Our first date, after many IQ conversations over the internet, and a few phone conversations, was meeting at the Fort Worth Zoo. Hmmmmmm, there was something prophetic about that, as my critters, whom I refer to as my "babies", and his one critter, his "son", were destined one day to form a family, sort of a furry version of the Brady Bunch.

This included an over-the-hill quarter horse named Chico that a neighbor had lent or given him, depending on the neighbor's whim at the moment. Chico was future-Hubby's way of working on my heart. Chico was his avenue to accompany me on a horse-camping trip with a group called the Saddle Bags and Saddle Bums, what a name, huh? Well, here was a single man who loved horses and was willing to endulge my horse-habit, love of the outdoors and desire to camp. I was a goner. OK, I'm simple!

That camping trip near Thanksgiving was pretty eventful. Beautiful place, Ebinezar State Park, which we refer to as the "Enchanted Forest," at least as close as you'll get in Texas. It was great company, beautiful weather during the day, and a wonderful Thanksgiving meal.

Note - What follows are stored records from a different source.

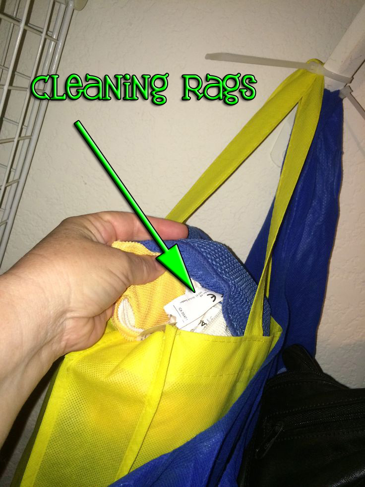 We keep our fanny packs and travel bags in here by looping them around the closet rod.  Makes it super easy when we need them for a long walk or for a trip.
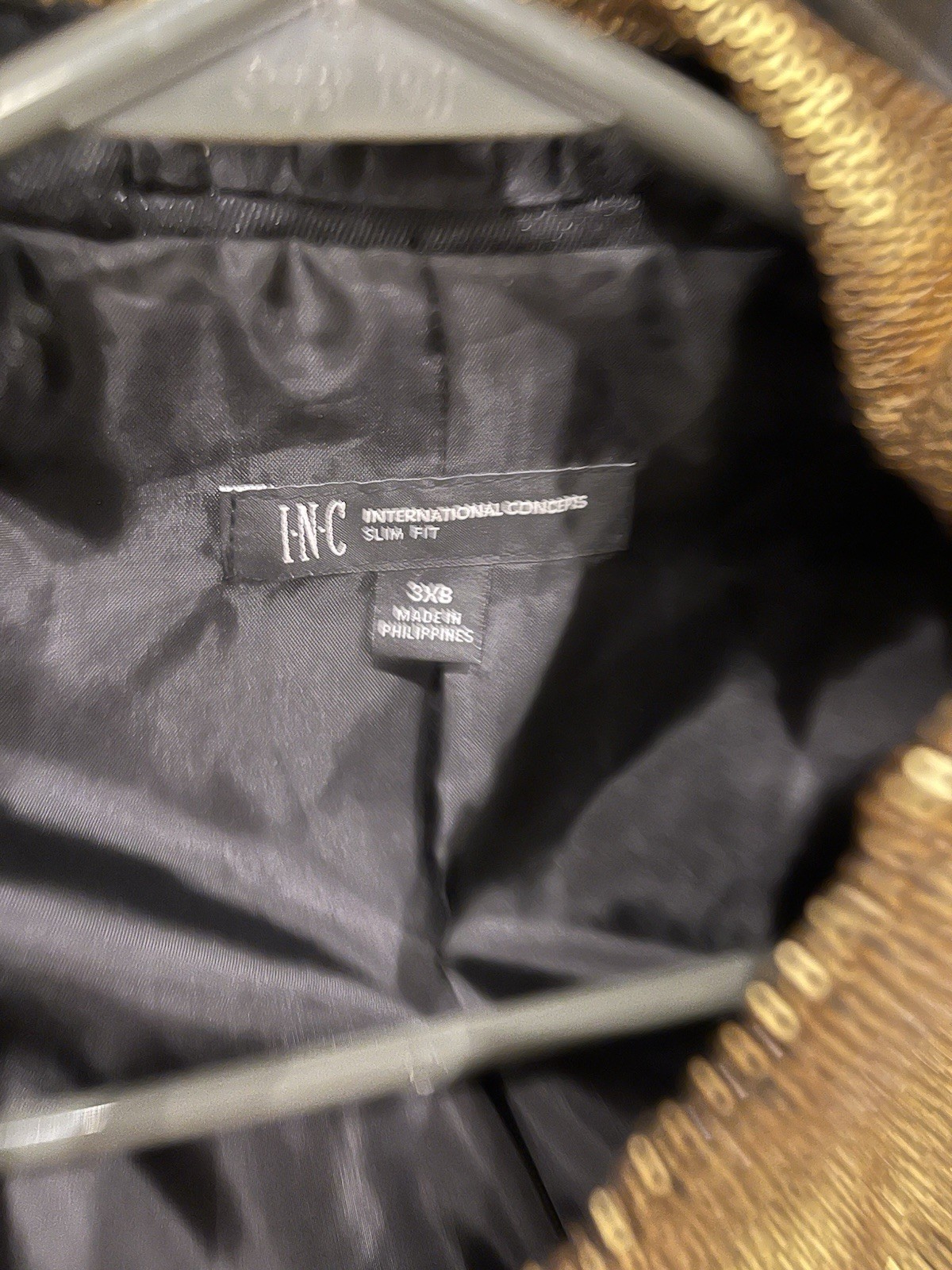 INC International Concepts Matte Gold Sequin Tuxedo Jacket Blazer Size 3XB
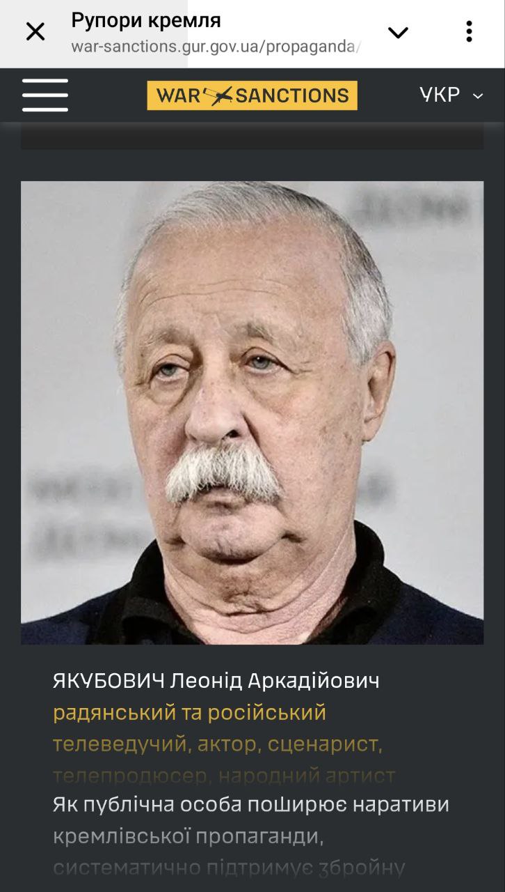 Якубовіч Лєонід Аркадієвіч – радянський та російський телеведучий, народний артист росії, член партії “єдіная росія”, який використовує телешоу як платформу для демонстрації підтримки російських військових.
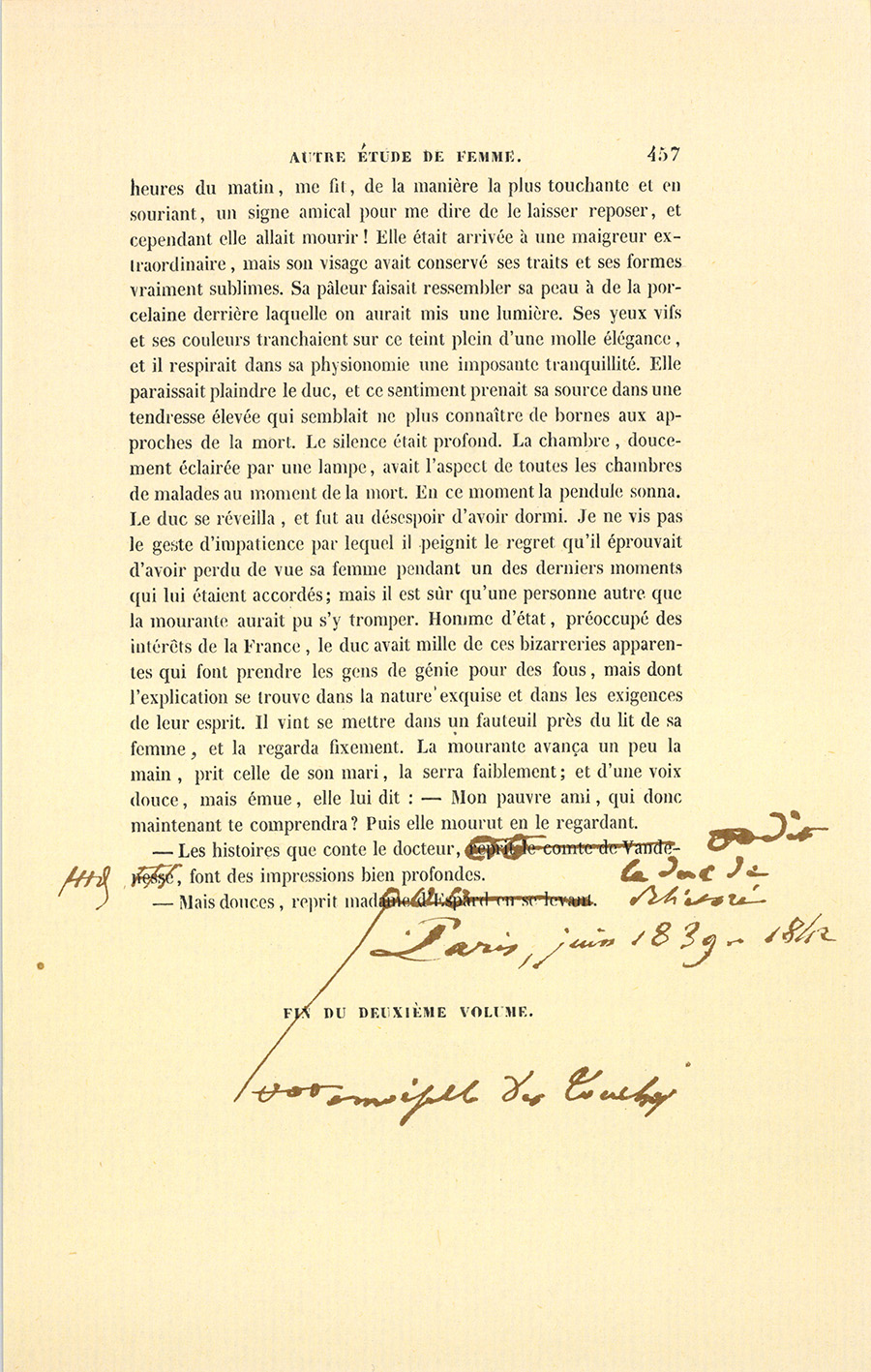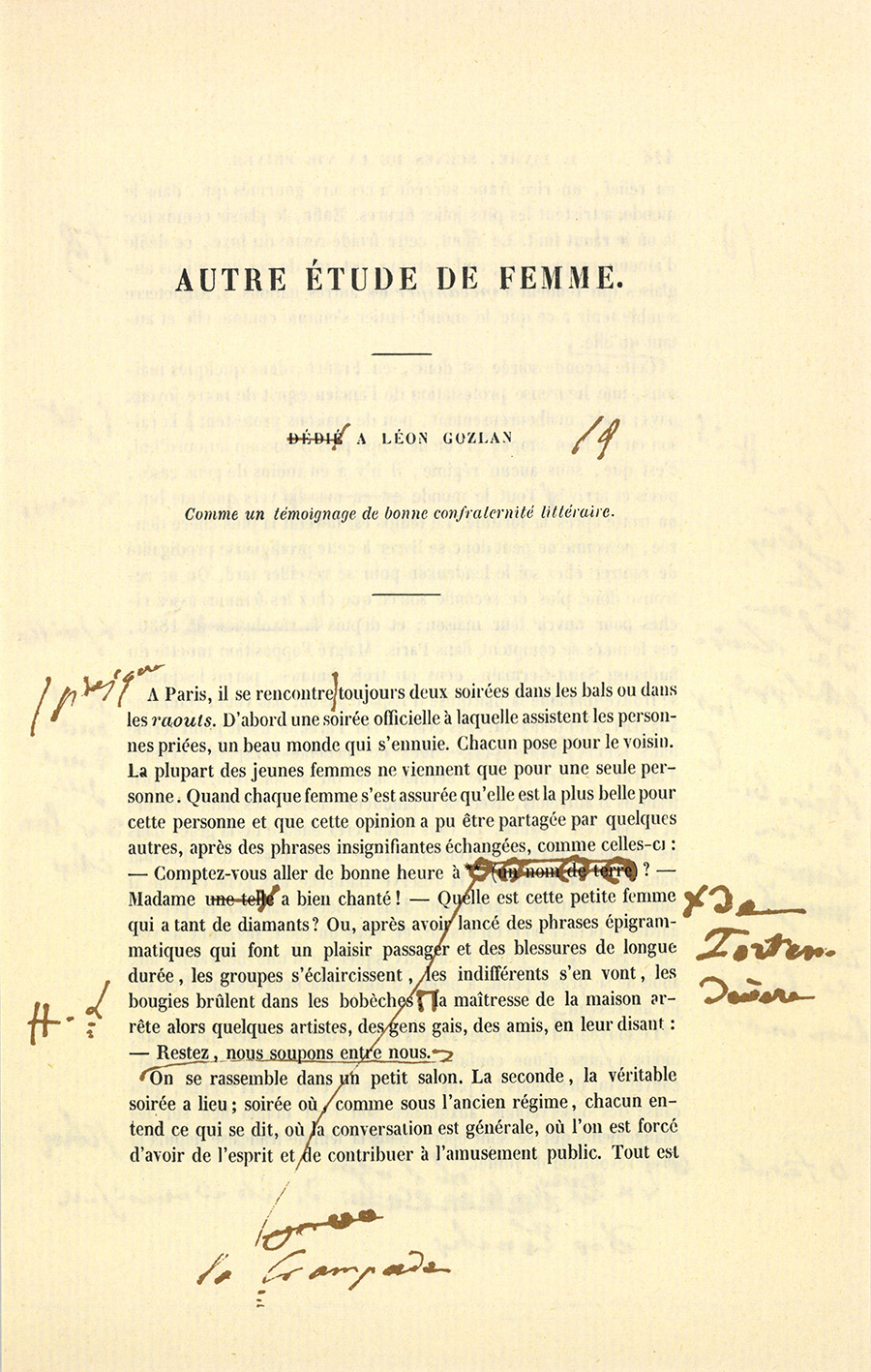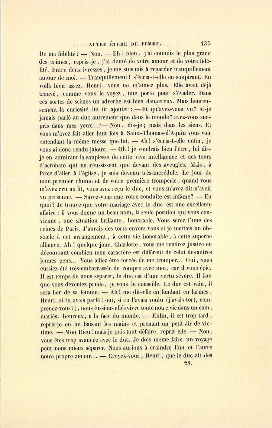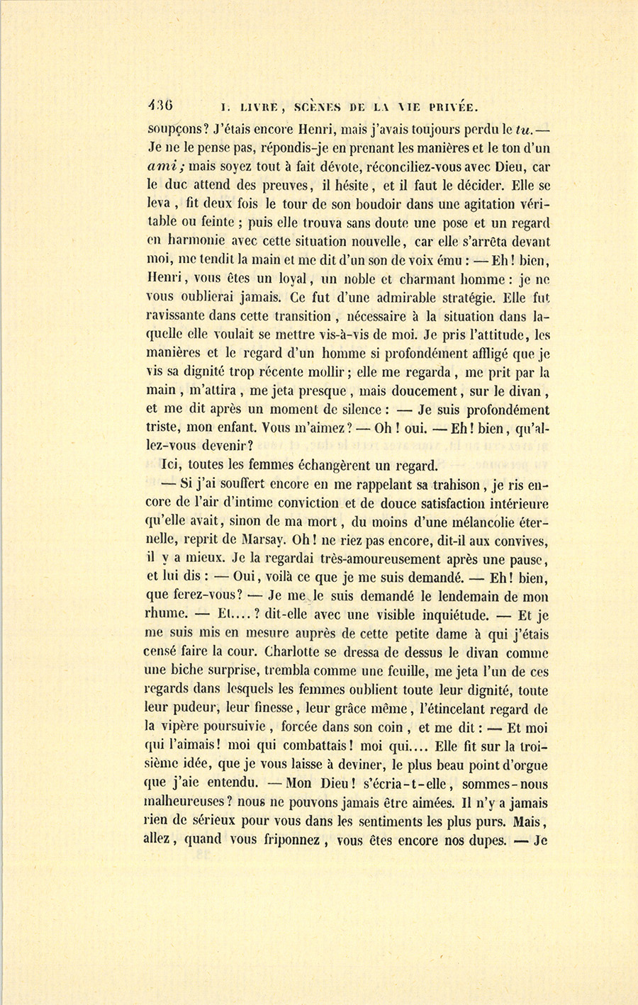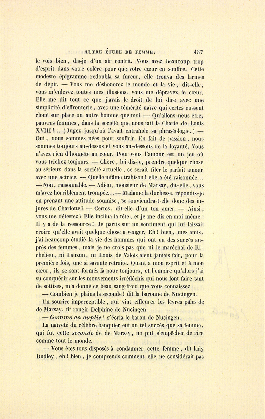 Le salon de mademoiselle des Touches, célèbre d’ailleurs à Paris, est le dernier asile où se soit réfugié l’esprit français d’autrefois, avec sa profondeur cachée, ses mille détours et sa politesse exquise. Là vous observerez encore de la grâce dans les manières malgré les conventions de la politesse, de l’abandon dans la causerie malgré la réserve naturelle aux gens comme il faut, et surtout de la générosité dans les idées. Là, nul ne pense à garder sa pensée pour un drame ; et, dans un récit, personne ne voit un livre à faire. Enfin le hideux squelette d’une littérature aux abois ne se dresse point, à propos d’une saillie heureuse ou d’un sujet intéressant. Le souvenir d’une de ces soirées m’est plus particulièrement resté, moins à cause d’une confidence où l’illustre de Marsay mit à découvert un des replis les plus profonds du cœur de la femme, qu’à cause des observations auxquelles son récit donna lieu sur les changements qui se sont opérés chez la femme française depuis la fatale révolution de juillet.
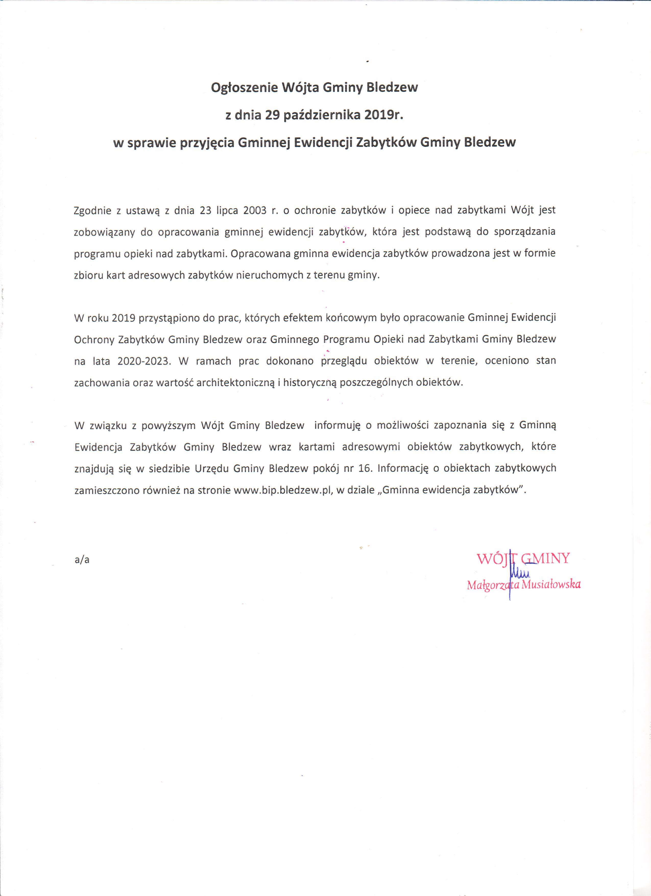 Ogłoszenie Wójta Gminy Bledzew z dnia 29 października 2019 r. w sprawie przyjęci...
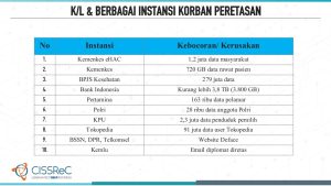 Bahkan, Menurut data Communication & Information System Security Research Center (CISSReC) mencatat, sistem keamanan siber yang dimiliki Bank Indonesia telah mengalami kebocoran dengan kapasitas yang lebih besar dari 74,82 GB. Tak tanggung-tanggung, data yang bocor ini diperkirakan telah mencapai 3.800 GB atau berkisar 3,8 TB berdasarkan data tang disampaikan dari CISSReC.
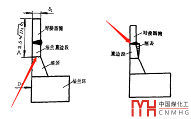 NB/T47023的4.4規(guī)定,當(dāng)與法蘭連接的圓筒厚度小于標(biāo)準(zhǔn)表1的最小值時(shí),應(yīng)將法蘭總高度H加長(zhǎng),如下圖所示。由下圖可以看出,這種情況下的H加長(zhǎng),只是直邊段變長(zhǎng)了,而法蘭盤厚度δ、錐頸長(zhǎng)度h是不變的。至于其他情況,如單獨(dú)將δ或h加長(zhǎng),H也應(yīng)加長(zhǎng),也就是說保證直邊段長(zhǎng)度。這部容器法蘭標(biāo)準(zhǔn)沒釋義,關(guān)于這個(gè)“與法蘭對(duì)接圓筒最小厚度”及“直邊段長(zhǎng)度調(diào)整”的內(nèi)容,可以參考文獻(xiàn):桑如苞. 關(guān)于壓力容器法蘭標(biāo)準(zhǔn)若干問題的建議[J]. 化工設(shè)備設(shè)計(jì), 1997, 34(5). 相關(guān)內(nèi)容整理如下:文獻(xiàn)指出,長(zhǎng)頸對(duì)焊法蘭主要是用于管殼式換熱器,這個(gè)“對(duì)接圓筒最小厚度”的規(guī)定也是以GB151編制組提出的要求為依據(jù)的。因?yàn)镚B151和GB150中有關(guān)圓筒最小厚度的要求不盡相同,所以長(zhǎng)頸對(duì)焊法蘭用在換熱器上,就是會(huì)經(jīng)常碰這個(gè)“最小厚度”的問題。(注:NB/T容器法蘭標(biāo)準(zhǔn)正是基于GB/T150中的法蘭計(jì)算方法。)首先,來看理想的情況:圓筒與法蘭直邊段等厚對(duì)接。文獻(xiàn)指出,此時(shí)直邊段與錐頸連接處(下方左圖中紅色箭頭所指)通常是法蘭應(yīng)力最大的地方,對(duì)于“標(biāo)準(zhǔn)的法蘭”這是核算過的,結(jié)構(gòu)的強(qiáng)度是有保證的。但對(duì)于圓筒與法蘭直邊的不等厚對(duì)接,因?yàn)橹圃斓男枰话愕脤⒅边叾蜗鞅≡倥c圓筒對(duì)接。這時(shí)候,直邊段削薄端與圓筒連接處(下方右圖紅色箭頭所指)成了法蘭應(yīng)力最大的地方,必須對(duì)這個(gè)地方的應(yīng)力重新進(jìn)行核算。這個(gè)“被削薄的直邊段”也可看作“錐頸”,且稱之為“錐頸2”,即可按GB/T150中法蘭錐頸的計(jì)算方法進(jìn)行校核。1、法蘭錐頸計(jì)算時(shí)要控制系數(shù)f=1,在錐頸大小端厚度確定的情況下,可以通過調(diào)整錐頸高度來保證f=1,詳見GB/T150.3的圖7-7。2、系數(shù)f=1的意思是,錐頸大端、小端的應(yīng)力相等。3、容器法蘭標(biāo)準(zhǔn)已經(jīng)對(duì)錐頸大端的軸向應(yīng)力水平進(jìn)行了控制,若f=1,小端也是安全的。這樣來看,長(zhǎng)頸對(duì)焊法蘭標(biāo)準(zhǔn)NB/T47023規(guī)定“對(duì)接圓筒厚度較小時(shí),應(yīng)將H加長(zhǎng)”也就容易理解了。問題來了,如果圓筒材料的許用應(yīng)力低于法蘭,在“錐頸2”大端、小端應(yīng)力相等時(shí),大端校核合格,小端可不一定就是合格的。那么此時(shí),標(biāo)準(zhǔn)給定的H修正值是否足夠?還要不要再增加“錐頸2”的高度,以降低小端的應(yīng)力水平呢?襯不銹鋼的碳鋼法蘭在與不銹鋼圓筒對(duì)接時(shí),是可能遇到這樣的問題的。對(duì)于碳鋼法蘭+碳鋼圓筒則不會(huì),為啥?看下面幾張圖中給出的碳鋼鍛件 、碳鋼板、不銹鋼板的許用應(yīng)力可以發(fā)現(xiàn):類似于16Mn鍛+Q345R圓筒,20鍛+Q245R圓筒,圓筒鋼板的許用應(yīng)力都是高于或者接近于法蘭鍛件的,法蘭都合格了,圓筒自然沒問題。但如果是襯304的16Mn鍛件法蘭+304圓筒,304許用應(yīng)力是比16Mn鍛件低一些的,對(duì)于低碳不鋼鋼更甚。解決辦法:1、按GB/T150.3進(jìn)行校核;2、將法蘭的等級(jí)選高,即法蘭最大允許工作壓力與設(shè)計(jì)壓力比值,放大一點(diǎn),留出裕量。

Because Chico was so slow first day out, and not that cooperative with future-Hubby, I offered the second day to trade horses with him. I trusted my beloved Fargo, a gaited horse, to him and took Chico, being the more experienced rider. Well, if the engine has bad cilinders, your not going to get much "horsepower" and that old, old horse sure didn't have much "horsepower." He wore me out trying to keep him moving!

We took our usual quarters that night: he slept in his truck with a plug-in heater to keep warm. I slept in my $30 Walmart tent, on the ground, in my coat and sleeping bag, with an oil-filled plug-in heater. That night the temperature dropped down in the twenties. I shook and shivered all night and woke up in the morning throwing up my guts.

Needless to say, I didn't ride the next day, and future-Hubby got Fargo all to himself and Chico got out of having to work.

It was the last time we camped so crudely, the marriage to soon follow. Chico had to go! Luckily, the owner decided he had not given the horse to future-hubby and took him back. Yippee! But Hubby had to have a horse. Afterall, that's why I married him--so I'd have someone to ride and camp with!

OK, that's not the only reason but certainly was a big part of our relationship. That's when we added an "Our Kid" to "His" and "Mine."

Enter "Duece" (Dutchboy's Final Review), a beautiful black and white spotted Tennessee Walker. I tried to post a picture here of the two of them but I haven't learned the ropes here yet. Let me suffice it to say, they are an interesting pair, my Hubby at 5'3" and Duece who is a very, very big boy! We lovingly call Duece "The Brontosaurus" if that gives you an idea of his size.

OK, you probably think I have digressed from my claim this is a journal of our natural farm. Not really. You need compost, more crudely put, POOP(!) for a natural farm. Duece is one of our valuable "poop machines."